◆ **MATERIAL PROVIDED**:
________

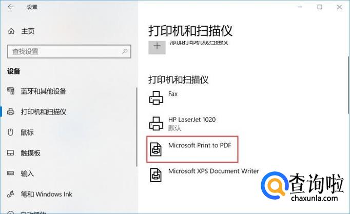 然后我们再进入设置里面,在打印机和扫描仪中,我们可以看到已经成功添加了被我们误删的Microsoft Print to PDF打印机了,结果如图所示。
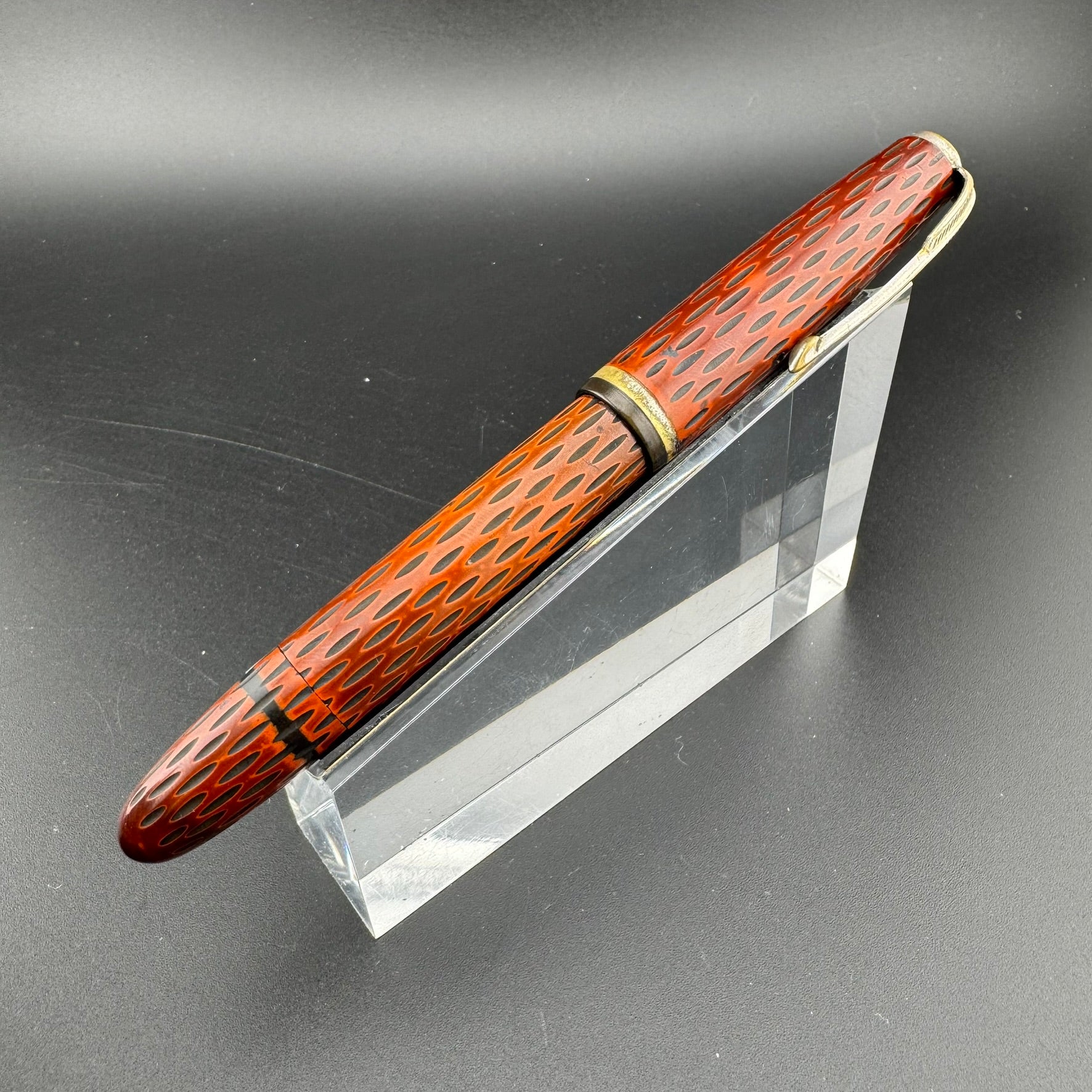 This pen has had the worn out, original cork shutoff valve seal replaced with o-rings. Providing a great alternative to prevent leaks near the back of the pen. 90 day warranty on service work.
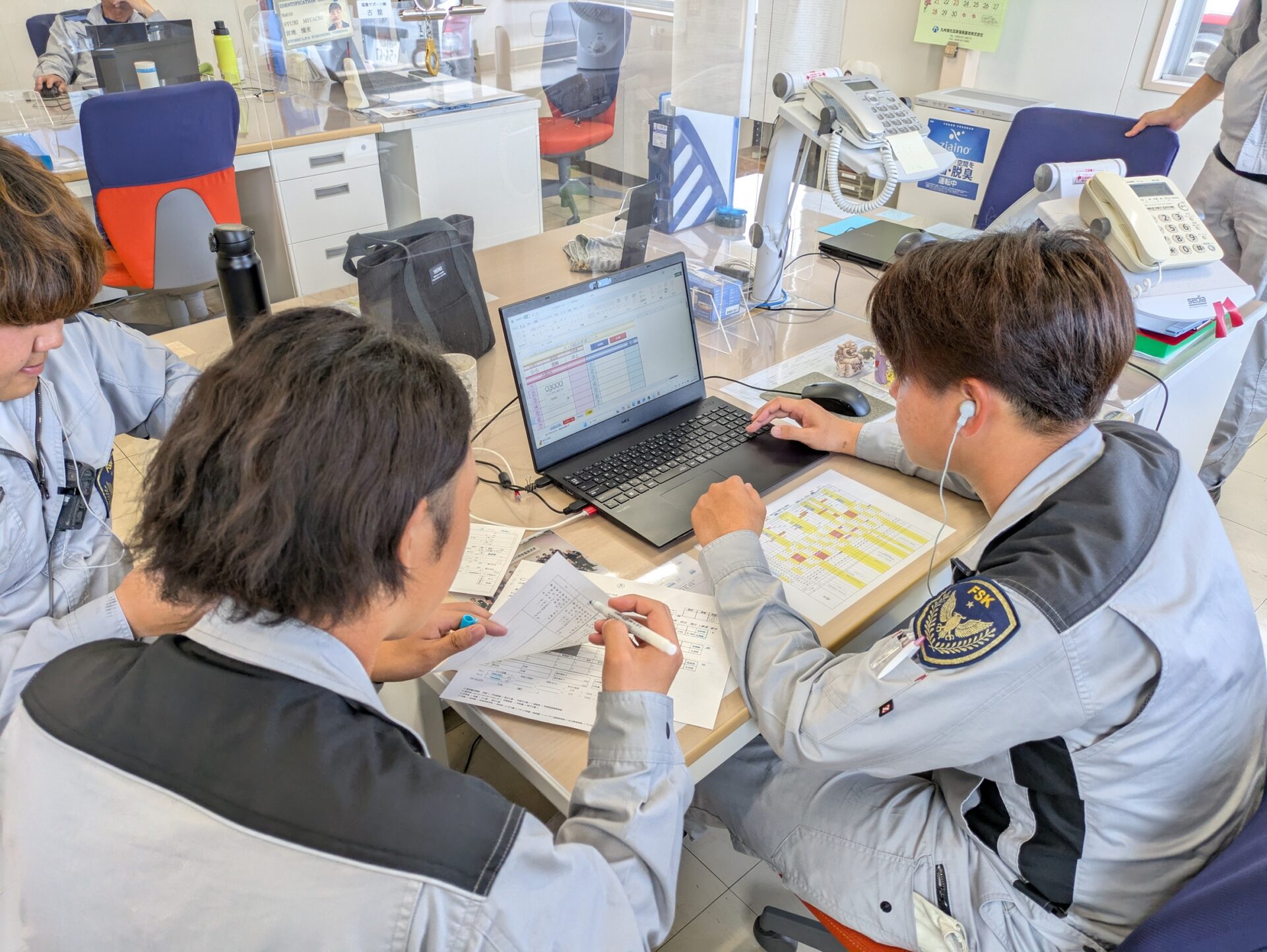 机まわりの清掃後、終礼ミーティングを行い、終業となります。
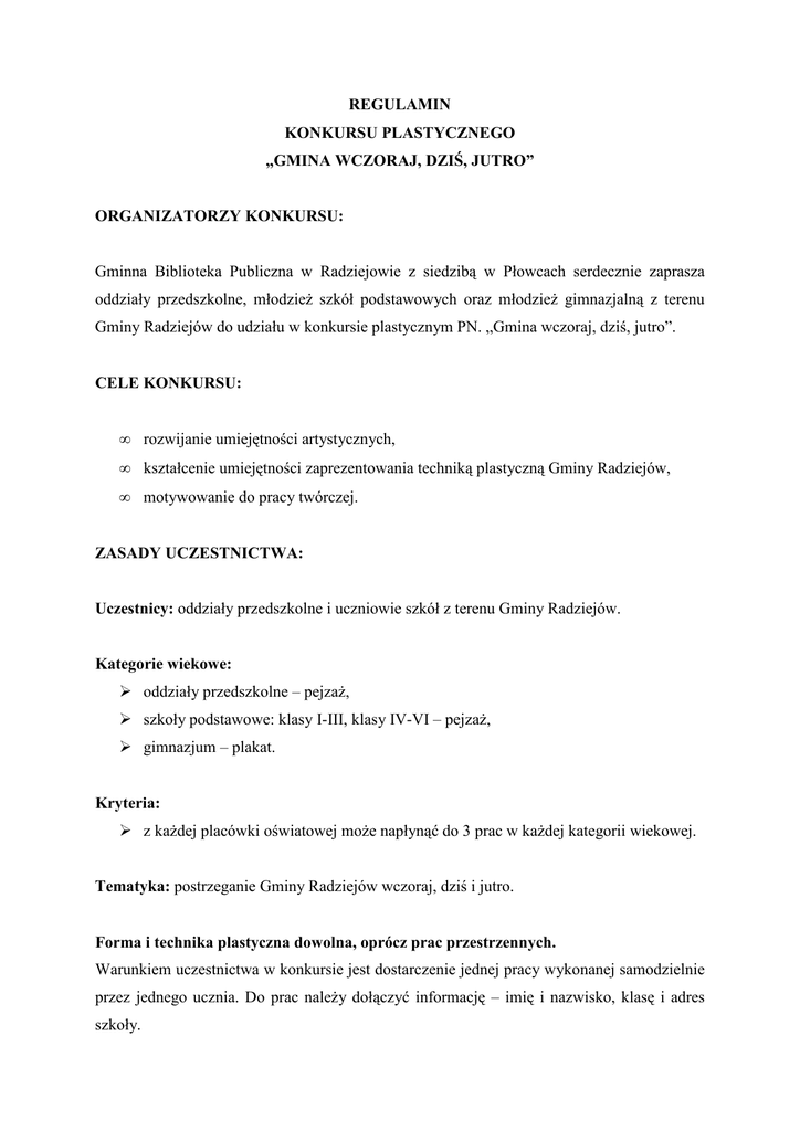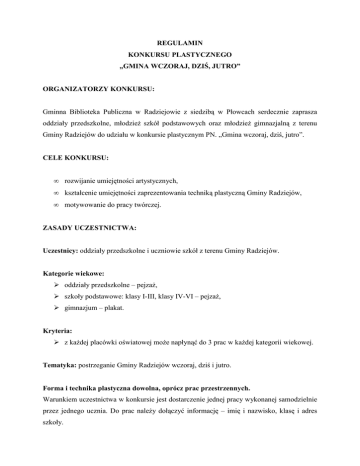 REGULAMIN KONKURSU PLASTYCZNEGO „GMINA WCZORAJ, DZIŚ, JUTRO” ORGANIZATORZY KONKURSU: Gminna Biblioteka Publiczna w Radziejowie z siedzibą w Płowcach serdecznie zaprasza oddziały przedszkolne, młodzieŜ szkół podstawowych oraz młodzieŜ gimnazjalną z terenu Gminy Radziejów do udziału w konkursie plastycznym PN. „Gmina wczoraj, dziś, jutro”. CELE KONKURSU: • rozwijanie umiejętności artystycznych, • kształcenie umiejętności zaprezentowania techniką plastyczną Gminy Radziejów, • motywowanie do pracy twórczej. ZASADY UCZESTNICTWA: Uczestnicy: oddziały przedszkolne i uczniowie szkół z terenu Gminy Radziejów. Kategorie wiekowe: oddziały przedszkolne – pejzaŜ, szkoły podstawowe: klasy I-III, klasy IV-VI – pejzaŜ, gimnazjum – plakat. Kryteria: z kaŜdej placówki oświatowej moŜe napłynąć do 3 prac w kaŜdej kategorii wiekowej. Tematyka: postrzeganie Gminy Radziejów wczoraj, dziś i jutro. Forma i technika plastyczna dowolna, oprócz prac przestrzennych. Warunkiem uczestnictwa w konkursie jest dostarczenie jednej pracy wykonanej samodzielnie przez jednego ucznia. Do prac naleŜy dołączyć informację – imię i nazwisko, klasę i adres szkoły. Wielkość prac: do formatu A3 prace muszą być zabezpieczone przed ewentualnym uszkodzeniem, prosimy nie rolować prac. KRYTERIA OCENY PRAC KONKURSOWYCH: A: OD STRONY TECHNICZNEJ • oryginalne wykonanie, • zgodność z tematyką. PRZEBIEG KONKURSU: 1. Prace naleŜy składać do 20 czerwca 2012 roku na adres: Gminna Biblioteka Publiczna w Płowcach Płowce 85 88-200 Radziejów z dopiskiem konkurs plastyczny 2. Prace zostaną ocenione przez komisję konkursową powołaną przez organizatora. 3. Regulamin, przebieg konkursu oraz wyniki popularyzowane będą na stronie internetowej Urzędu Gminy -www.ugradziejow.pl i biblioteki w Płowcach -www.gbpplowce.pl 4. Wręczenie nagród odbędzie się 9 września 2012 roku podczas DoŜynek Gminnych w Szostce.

________

Give again, word for word, only the lines that run from the top of the data above through the line with "机まわりの清掃後、終礼ミーティングを行い、終業となります。". Drop the pictures.

◆ **REPLY TO THE EXERCISE**:
 然后我们再进入设置里面,在打印机和扫描仪中,我们可以看到已经成功添加了被我们误删的Microsoft Print to PDF打印机了,结果如图所示。
 This pen has had the worn out, original cork shutoff valve seal replaced with o-rings. Providing a great alternative to prevent leaks near the back of the pen. 90 day warranty on service work.
 机まわりの清掃後、終礼ミーティングを行い、終業となります。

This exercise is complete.